0
  1. I want to delete the vertex to loop on one dataframe.
  2. Suppose I will delete the vertex based on some cols of dataframe my function is written in this way: and it is timeout
    def delete_vertices_for_label(rows):
        conn = self.remote_connection()
        g = self.traversal_source(conn)
        for row in rows:
            entries = row.asDict()
            create_traversal = __.hasLabel(str(entries["~label"]))
            for key, value in entries.iteritems():
                if key=='~id':
                    pass
                elif key == '~label':
                    pass
                else:
                    create_traversal.has(key), value)
            g.V().coalesce(create_traversal).drop().iterate()
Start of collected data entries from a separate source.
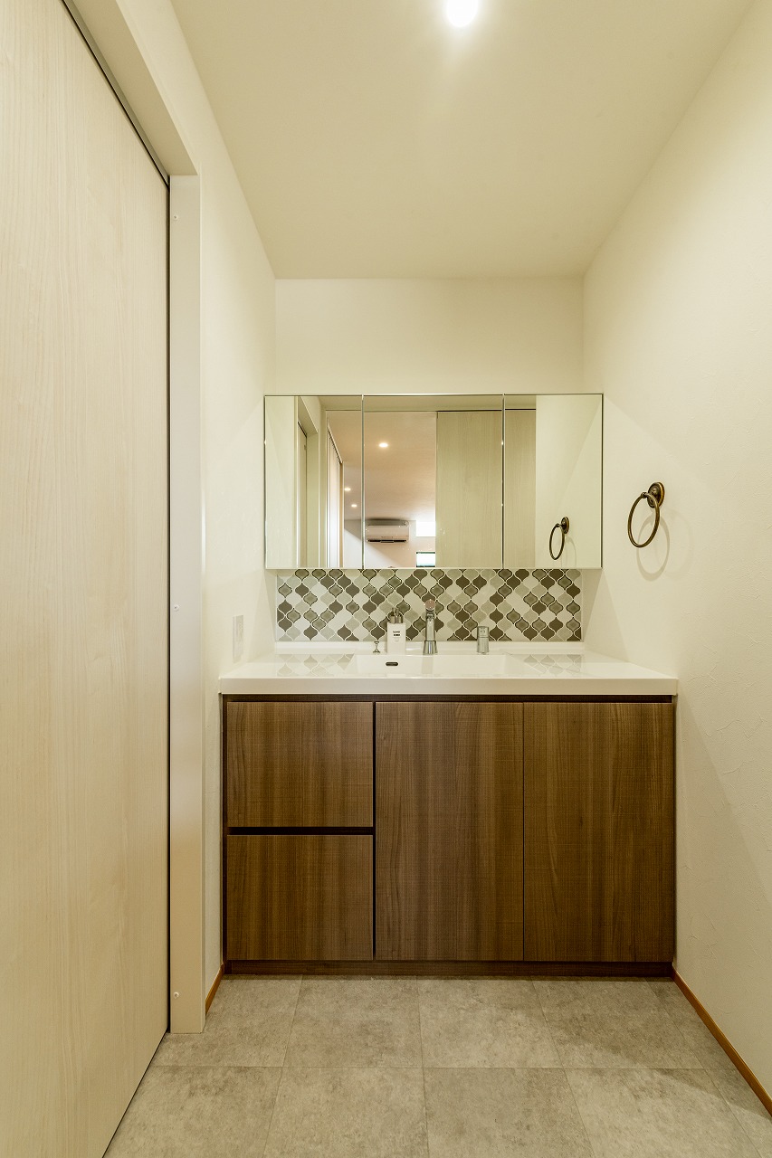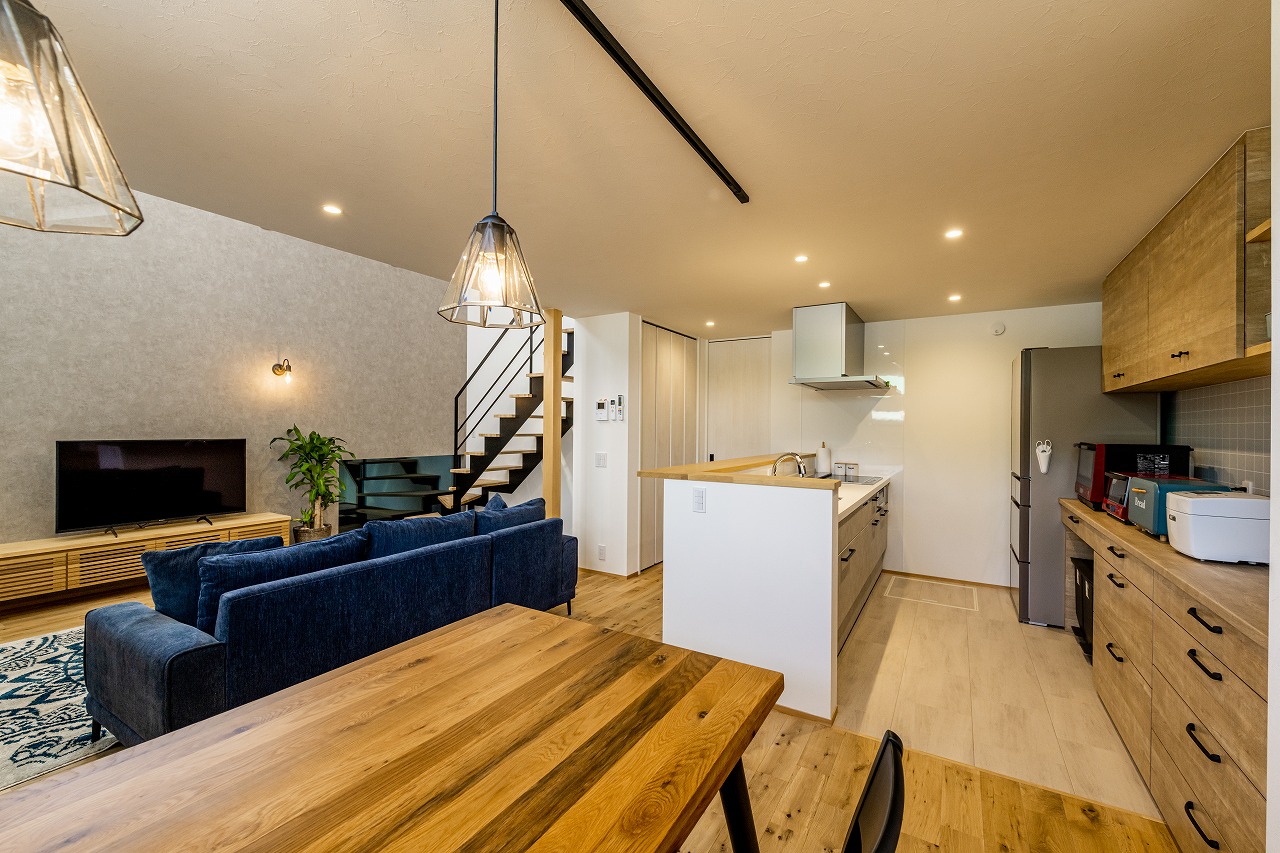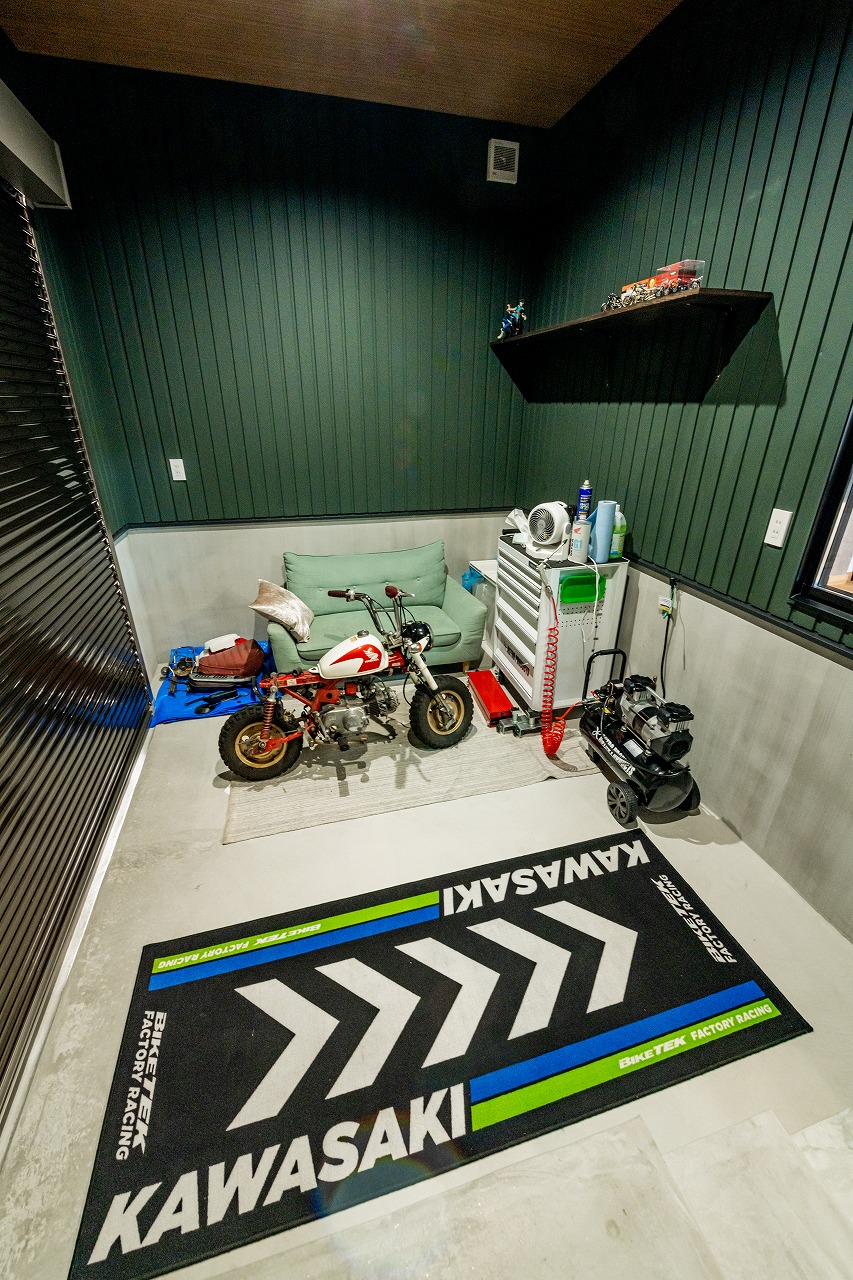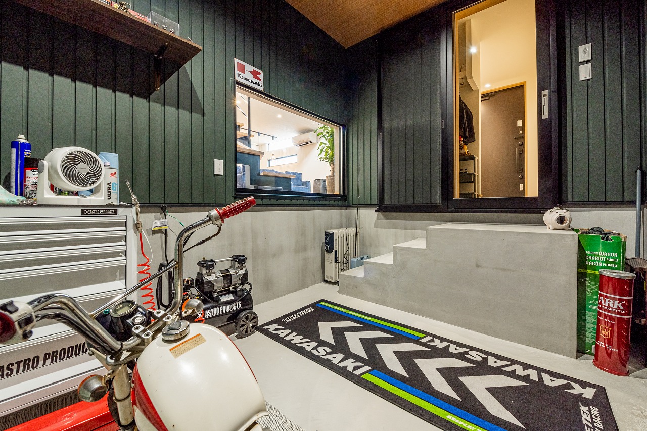 異素材が調和したバイクガレージの家 バイクガレージは玄関入ってすぐの扉から入れます。LDKのFIX窓ともつながっており、いつでもご自慢のバイクガレージを眺めることができます。 吹抜上部には3つのスリット窓を配置。太陽の光が降り注ぎ少しの照明でもしっかりと明るさを確保できます。 W2700でキッチン家電を並べてもまだ余裕な広さ。しまう・置く場所を決めることでいつでもきれいな空間を保てます。 扉・引き出しをつけて収納しやすい造作洗面台に。アクセントにパフュームラインランタンのタイルを採用。 詳細 敷地面積:163.34㎡(49.40坪)、延床面積:106.62㎡(32.25坪)、構造種別:木造軸組在来工法、施工年月:2022年7月 #5914380POINT 異素材が調和したスタイリッシュな外観デザイン 趣味のバイクガレージ 吹抜で明るく開放的なリビング Prev ホテルライクを追求したガレージハウス Back to List Next 趣味と癒しが息づくこだわりの家 その他の建築実例 Other WORKS 【リビング・ダイニング】 異素材の美しさが響き合う、上質なくつろぎの家 【外観】 ホテルライクを感じさせる上質なアジアンリゾート風の平屋 【リビング・ダイニング】 開放感はそのままに、視線を遮るスマートな家 【外観】 敷地を有効活用し2階LDKを軸としたビルトインガレージハウス 【外観】 土間ダイニングから繋がる開放的な家 【リビング・ダイニング】 異文化を繋ぐ快適な水まわりと、暮らしを楽しむ工夫が光る家。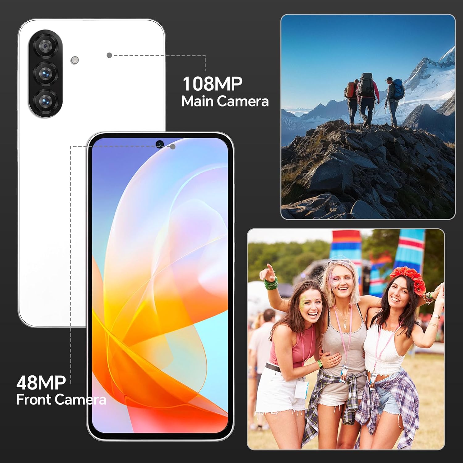 【108MP+48MP Camera+AI Face Unlocked】The Android phone comes with a 108MP main camera with enhanced image processing algorithms that make every photo exceptionally clear and detailed without being eye-catching or lifelike. The 48MP front camera further enhances the clarity and delicacy of facial features, helping you take creative selfies with accurate colors. Get your phone unlocked upon recognizing your face with AI face unlock.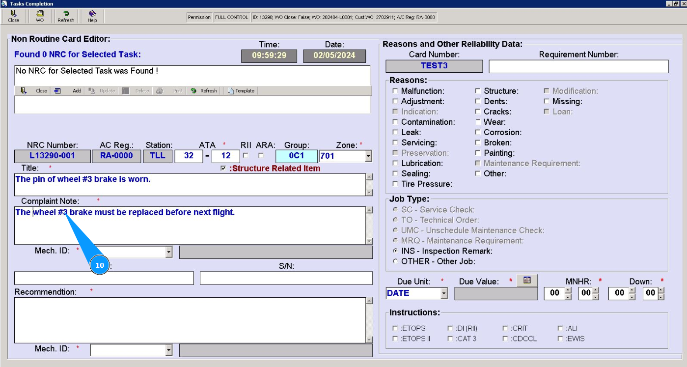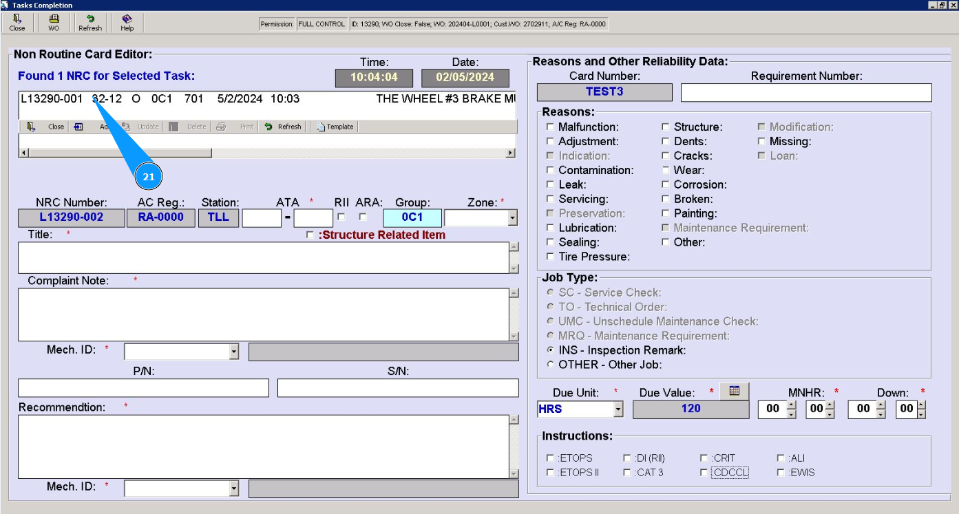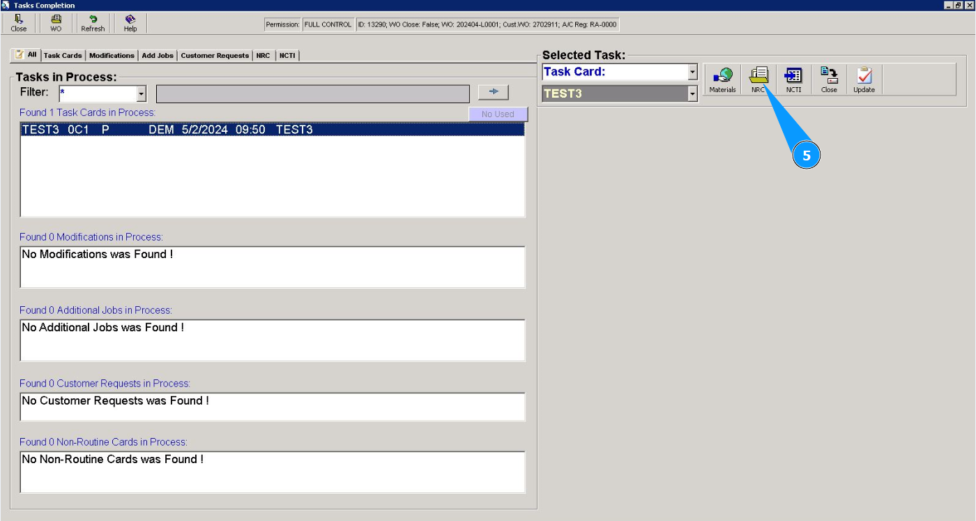 21. Check that new NRC record is displayed in the window "NRC for Selected Task".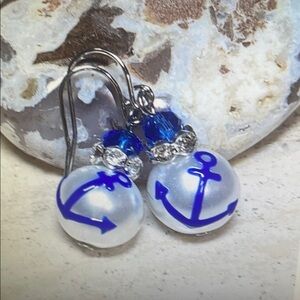 Stylish earrings featuring nautical anchor design. Blue and white colors with sparkling accents.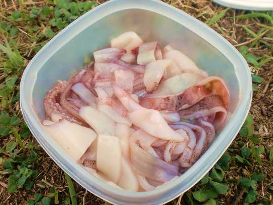 エサは冷凍のスルメイカです。
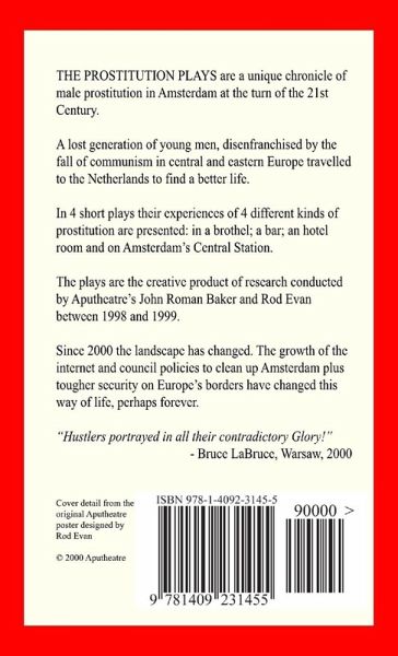 THE PROSTITUTION PLAYS are a unique chronicle of male prostitution in Amsterdam at the turn of the 21st Century. A lost generation of young men, disenfranchised by the fall of communism in central and eastern Europe travelled to the Netherlands to find a better life. In 4 short plays their experiences of 4 different kinds of prostitution are presented: in a brothel; a bar; an hotel room and on Amsterdam's Central Station. The plays are the creative product of research conducted by Aputheatre's John Roman Baker and Rod Evan between 1998 and 1999. Since 2000 the landscape has changed. The growth of the internet and council policies to clean up Amsterdam plus tougher security on Europe's borders have changed this way of life, perhaps forever. "Hustlers portrayed in all their contradictory Glory!" - Bruce LaBruce, Warsaw, 2000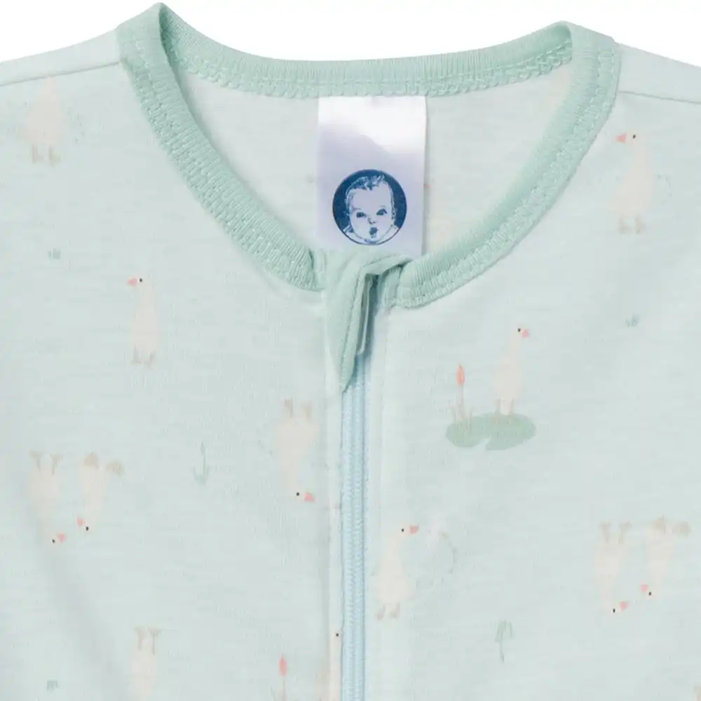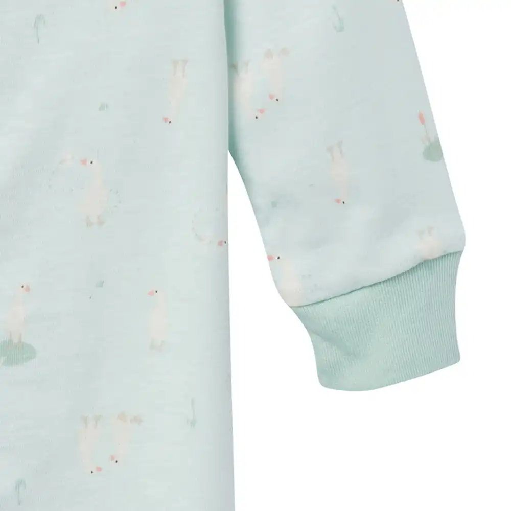 Keep your little one cozy in our light blue Sleep 'N Play, featuring adorable geese and pond pattern. Made from 100% cotton, it’s gentle on sensitive skin, ensuring comfort whether it's naptime or playtime. The full-length zipper with neckline protector makes dressing and diaper changes easy, while the ribbed cuffs and neckline ensure a snug, comfy fit. The footie style keeps tiny toes warm and snug, giving it a perfect, cozy fit. Versatile and charming our Sleep 'N Play is a must-have for your baby’s wardrobe. Our essentials have been independently certified with STANDARD 100 by OEKO-TEX® so that you don’t have to worry about harmful substances in your baby’s wardrobe. This pack includes 1 Sleep 'N Play.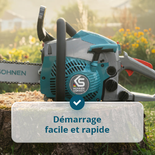 • Démarrage simple et rapide – système combinant bouton STOP automatique, pompe d’amorçage manuelle (primer) et lanceur avec ressort supplémentaire, assurant la disponibilité de la tronçonneuse à tout moment.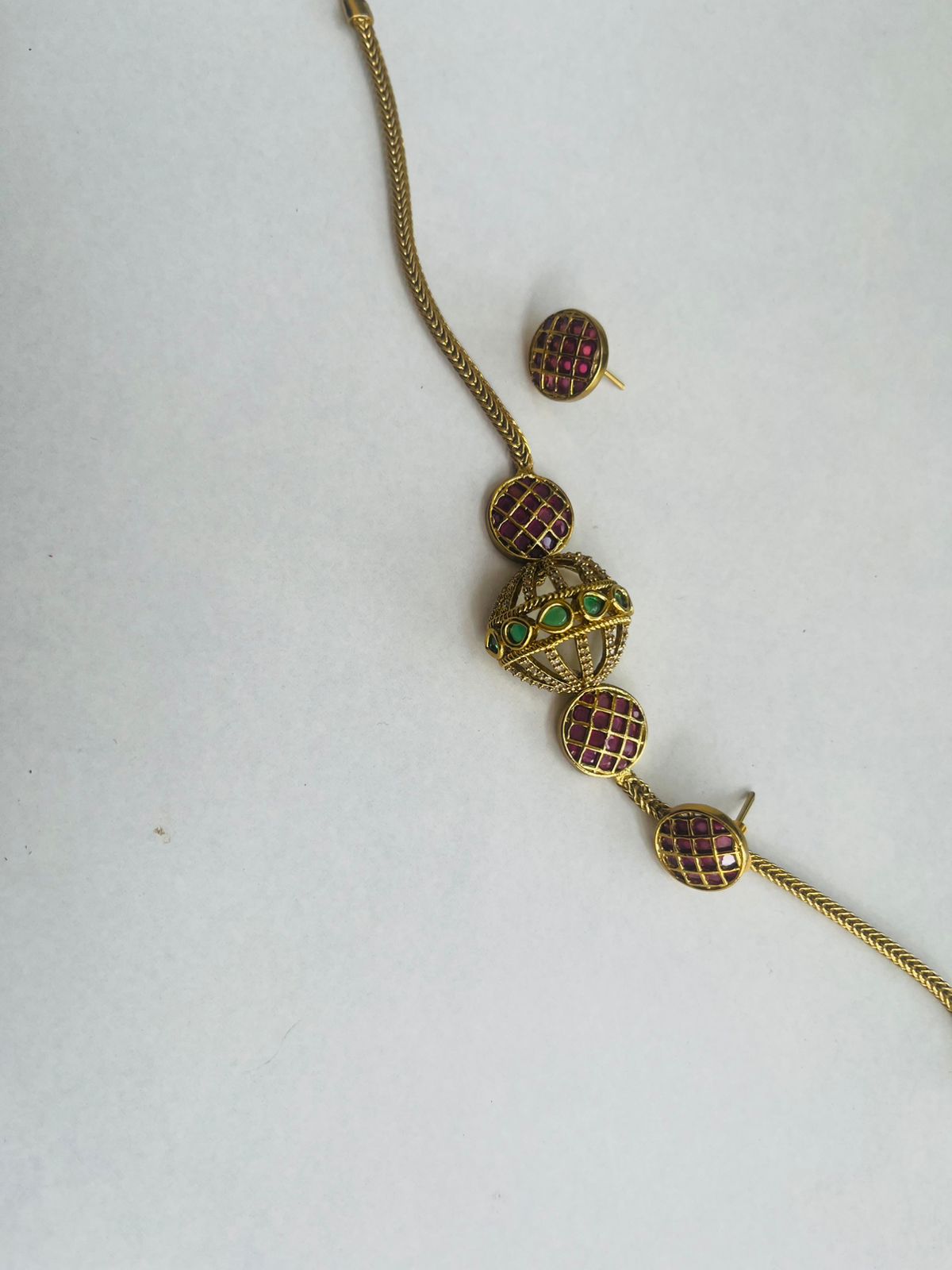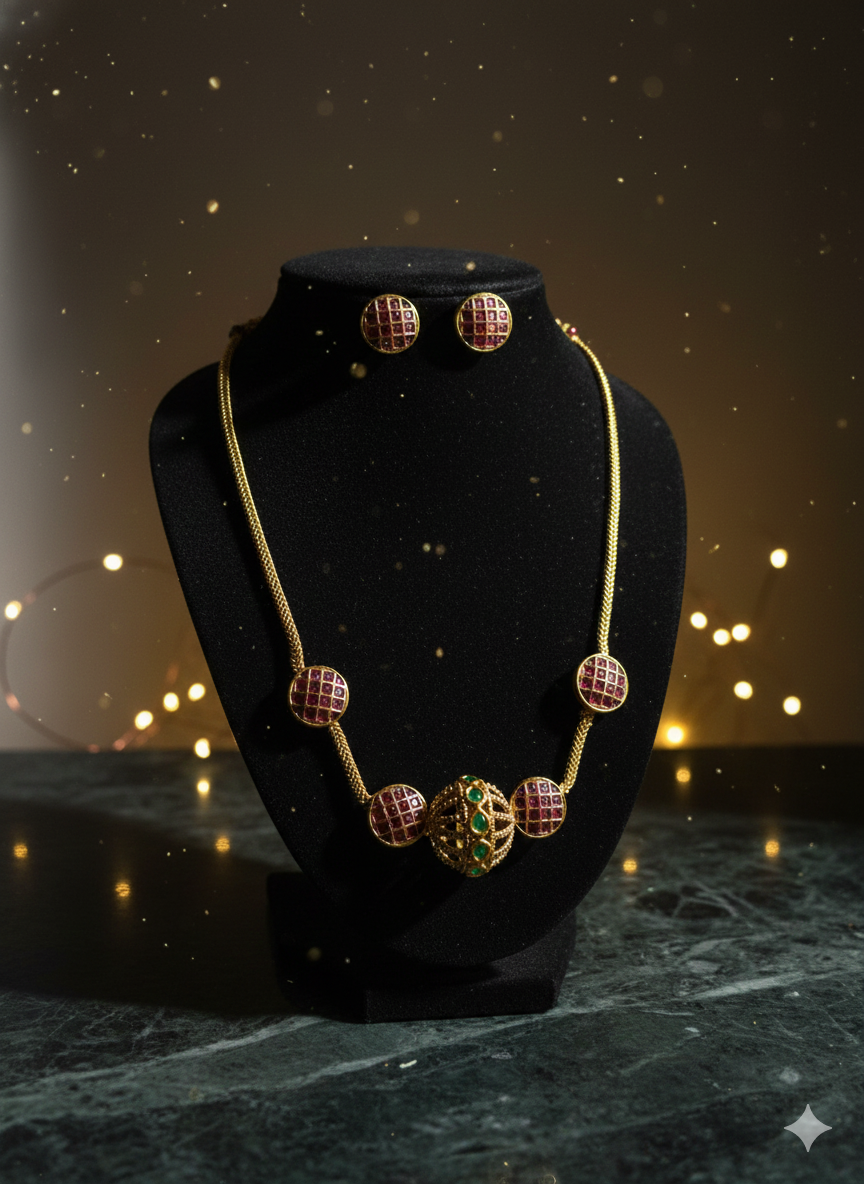 The centerpiece is a striking teardrop ruby red stone drop, adding a pop of rich color. The set includes matching geometric drop earrings, each showcasing a coordinating ruby stone.

I have succeed in using this function locally on tinkerGraph, however ,when I try to run above function in glue which manipulate data in aws Neptune ; it failed. I also create one lambda function in below: still meet the issue like timeout.

     def run_sample_gremlin_basedon_property():
        remoteConn = DriverRemoteConnection('ws://' + CLUSTER_ENDPOINT + ":" + 
        CLUSTER_PORT + '/gremlin', 'g')
        graph = Graph()
        g = graph.traversal().withRemote(remoteConn)
        create_traversal = __.hasLabel("Media")
        create_traversal.has("Media_ID", "99999")
        create_traversal.has("src_name", "NET")
        print ("create_traversal:",create_traversal)
        g.V().coalesce(create_traversal).drop().iterate()


John Rotenstein
  • 241,921
  • 22
  • 380
  • 470
Emma Y
  • 555
  • 1
  • 9
  • 16
  • Is your issue that drop APIs time out? Or is it a broader scope around how you are using Glue/Lambda etc? If its related to drop timeouts, do ensure that you are on a newer version than this: https://docs.aws.amazon.com/neptune/latest/userguide/engine-releases-1.0.1.0.200296.0.html – The-Big-K May 25 '19 at 07:28
  • EmmaYang - Do you have any updates you'd like to share on this? – The-Big-K Jun 18 '19 at 06:18
  • @KarthikRajan Thank you. Sorry for the very late reply. I got chance to talk to AWS support team,they mentioned that it is probably due to while I drop the vertices the same time, it will search for the edges as well . due to I use the glue job to set about 3000 partitions, which means to delete the vertex at the same time, that is why meet the issue of timeout. – Emma Y Jul 02 '19 at 20:06
  • @KarthikRajan I have another questions: when I try to use CSV bulk load to neptune, it give me error "Edges Single Cardinality violation", but the neptune document said the default it is "set" instead of "single". so is the SET only default for vertices, but for the edge, it is "SIngle" ? Thank you – Emma Y Jul 02 '19 at 20:08
  • Would like to scope down the discussion to this specific question, so please open a separate question with more details for that issue. For this specific question, I'll try to summarize what you mentioned, do correct me if I capture it incorrectly. – The-Big-K Jul 02 '19 at 20:22

1 Answers1

0

Dropping a vertex involves dropping associated properties and edges as well, and hence depending on the data, it could take a large amount of time. Drop step was optimized in one of the engine releases [1], so ensure that you are on a version newer than that. If you still get timeouts, set an appropriate timeout value on the cluster using the cluster parameter for timeouts.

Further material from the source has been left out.